И он действительно все ему высказал.

Деметрио благосклонно дослушал Монтаньеса до конца и ответил:

– Все верно, кум, что вы говорите. Дела у нас плохи: солдаты ругают сержантов, сержанты – офицеров, офицеры – нас. А мы уже готовы послать Вилью и Каррансу подальше – пусть, мол, попляшут в одиночку. Но сдается мне, с нами происходит то же, что с тем батраком из Тепатитлана, помните, кум? Он все ругал да ругал своего хозяина, а работать на него не переставал. Вот так и мы: бранимся, проклинаем, а нас убивают да убивают. Только не будем об этом, кум…

– Почему, кум Деметрио?

– Почему? Почему? Не стоит, и все, понятно? Нужно по болтать, а людей подбадривать. Я получил приказ вернуться и задержать отряд, наступающий через Кукио. Скоро мы сшибемся с каррансистами, а пока хоть языком их отбреем – и то хорошо.

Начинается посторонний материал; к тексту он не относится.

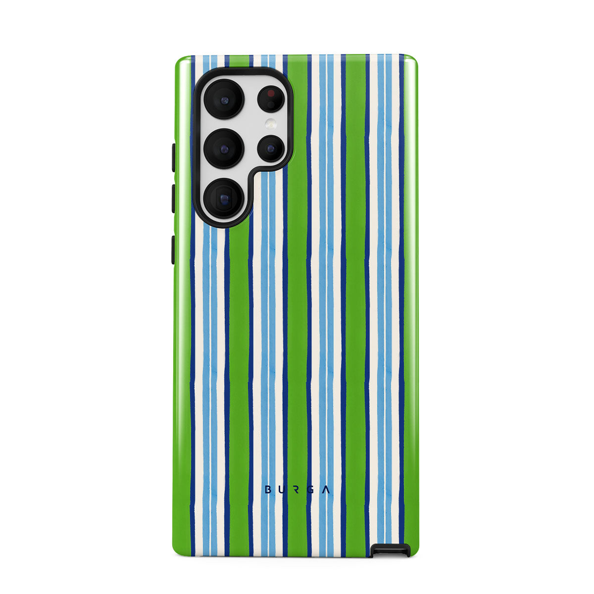 此設計特色: 绿色、蓝色和白色的纵向条纹

Вальдеррама, бродяга, когда-то колесивший по большим дорогам и в один прекрасный день примкнувший к войскам Масиаса, причем никто не знал точно, когда и где это произошло, подслушал кое-что из речей Деметрио и с наступлением вечера исчез так же внезапно, как появился: нет такого сумасшедшего, который сам в огонь полезет.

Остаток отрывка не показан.